Jak znajdziecie coś w Pl z podobnym składem, dajcie znać, u nas też meszki i w rezultacie pogryzione i opuchnięte puzdro i brzuch 🙁
ushia   It's a kind o'magic
16 kwietnia 2018 10:36
to sie ladnie sprawdza na pogryzione puzdra, wymiona i ogolnie konskie brzuszki:
https://konik.com.pl/zel-odstraszajacy-owady-fly-guard-300ml-black-horse

a jak jest mega zle to leczniczo hydrokortyzon - tylko to doraznie, nie na stale
zembria   Nowe forum, nowy avatar.
16 kwietnia 2018 10:55
Moje konie od soboty wieczorem koczuja w stajni, nie chowaly sie tam nawet przy najbardziej parszywej pogodzie zima. Meszki... :\
Na_biegunach   "It's never the horse - it's always you!" R. Gore
16 kwietnia 2018 12:33
Wczoraj w południe w stajni wita mnie taki widok: stadko w boksach i pod daszkiem leniwie macha ogonami. Tylko mój jaśnie pan lipcówkowy ze swoją damą na otwartej przestrzeni skupią świeżutką zieloną trawkę  😵 Pazera bez instynktu samozachowawczego  🙄
Potem zaczęło mocno wiać i w terenie nic nas nie atakowało. Dopiero na popasie do spoconych koni zleciały się meszki.
Czas najwyższy odpalić domowe laboratorium szalonego chemika 😉
Na początek prewencyjnie olej kokosowy z olejkiem z cytronelli. Na puzdro, wymiona i paszczaki.
Słuchajcie tak odnośnie naturalnych olejków eterycznych - to nie jest samo dobro (tak, nie wierzę, że to piszę), ale naturalne olejki eteryczne mają dość mocne właściwości uczulające, także z umiarem, szczególnie na delikatną skórę.
Dlatego mają dobre działanie (robale nie lubią) ale mogą uczulać- coś za coś.
Robaczek M.   i jej gniade szczęście:)
17 kwietnia 2018 15:20
Makabra jakaś, u Was też tyle kleszczy?
Konie już wczoraj wypuściłam na kawałek pastwiska, były tam może 25 minut i dziś troszke dłużej.
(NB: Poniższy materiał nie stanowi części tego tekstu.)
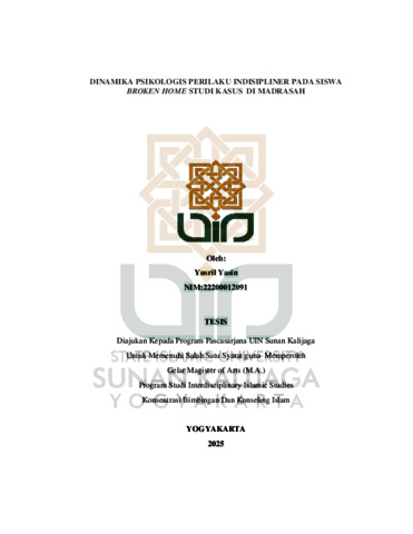 Yusril Yasin, NIM.: 22200012091 (2025) DINAMIKA PSIKOLOGIS PERILAKU INDISIPLINER PADA SISWA BROKEN HOME STUDI KASUS DI MADRASAH. Masters thesis, UIN SUNAN KALIJAGA YOGYAKARTA.

Seniorce po głowie łącznie chodziło 8 a na kucynce trzy spacerowały i dwa się wbiły :/
Możecie polecić coś typowo na kleszcze?
Trzy??? Osiem??? Kobieto, ty nie masz pojęcia o inwazji kleszczy!!! Wczoraj z samej kucynki zdjęłam ponad 30 łażących  🤔
Robaczek M.   i jej gniade szczęście:)
17 kwietnia 2018 15:58
Upss, to faktycznie jest różnica 😉
Ale i tak uważam że tyle kleszczy jeszcze u nas nie było. Najbardziej martwi mnie Monetka bo jak jej się wbije kleszcz to momentalnie to miejsce jej puchnie i tak jakby tego kleszcza zaciąga do środka i ciężka sprawa jest z wyciąganiem, bo wystaje tylko maleńki kawałeczek. One na niej nie rosną i jak taki maleńki jest w takiej opuchniętej i twardej kulce to niestety czekam kilka dni aż tam zaschnie(?) i dopiero da się go bez uszkodzeń wyciągnąć :/
Lanka_Cathar   Farewell to the King...
17 kwietnia 2018 19:21
U nas też inwazja kleszczy. Z koni chodzących na trawie codziennie po 10-12 łażących zdejmuję. Nie wynalazł ktoś jeszcze spot-ona dla koni?
Przeciw meszkom dziś wysmarowalam miejsca kluczowe olejem kokosowym z olejkami eterycznymi,dalam po 10 kropli trawy cytrynowej,troszke lawendy i geranium.Widać poprawe-meszki nie siadaja tak chętnie.Mialam problem zeby olej zgestnial (rozpuscilam w mikrofali,dodałam olejki)ale pół godziny  w zamrażarce i zrobił się twardy.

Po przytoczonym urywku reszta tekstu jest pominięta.